As we discussed in class, logistic regression transforms an intermediate linear-model output to a [0, 1] output that can be interpreted as a probability of an input belonging to a certain class. The transformation is done via a logistic function of the form $$ f(z) = \frac{1}{1 + e^{-z}} $$ The label returned for an input by this logistic regression model is just the class that has theh highest probability for that input.

These models are fit with a cross-entropy loss function, and can be regularized using:

L1 norm priors, leading to sparser solutions (known as Lasso regression)
L2 norm priors, leading to smoother solutions (known as ridge regression)
Some linear combination of L1- and L2-norm priors imposing desirable properties from both (known as ElasticNet regression)

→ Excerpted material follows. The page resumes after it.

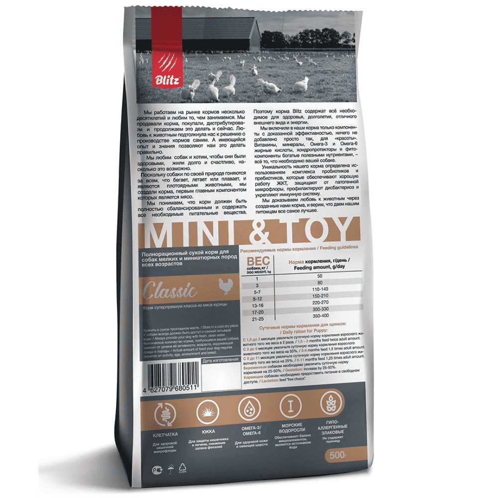 Корм сухой BLITZ Classic Mini & Toy Breeds Dog All Life Stages 0,5 кг для собак миниатюрных и мелких пород (курица)

Fit L1-norm regularized logistic regression model¶

In [9]:

C = 1  # This is the regularization hyperparameter (inverse of how strongly you want to regularize)
# Try various C values (closer to 0 => stronger regularization; larger values => tending to max-likelihood)
model = linear_model.LogisticRegression(penalty='l1', solver='liblinear', C=C)
model.fit(X_scaled, y)
y_predicted = model.predict(X_scaled)
acc = (y_predicted == y).sum()  * 100 / y.shape[0]
print(f'Accuracy = {acc:0.1f}%')

Accuracy = 75.6%

In [10]:

pl.barh(np.arange(X.shape[1]), model.coef_.squeeze())
pl.yticks(np.arange(X.shape[1]), labels=X.columns)
pl.xlabel('Coefficients')

Out[10]:

Text(0.5, 0, 'Coefficients')

Fit L2-norm regularized logistic regression model¶

In [11]:

model = linear_model.LogisticRegression(penalty='l2', solver='liblinear', C=1)
model.fit(X_scaled, y)
y_predicted = model.predict(X_scaled)
acc = (y_predicted == y).sum()  * 100 / y.shape[0]
print(f'Accuracy = {acc:0.1f}%')

Accuracy = 74.9%

In [12]:

pl.barh(np.arange(X.shape[1]), model.coef_.squeeze())
pl.yticks(np.arange(X.shape[1]), labels=X.columns)
pl.xlabel('Coefficients')

Out[12]:

Text(0.5, 0, 'Coefficients')

Conclusions about heart failure data¶

Reasonable classification accuracy can be obtained using the measured features. Results suggest that high serum creatinitine levels, and low ejection fraction are the strongest prdictors of fatality. Advanced age is also a risk factor.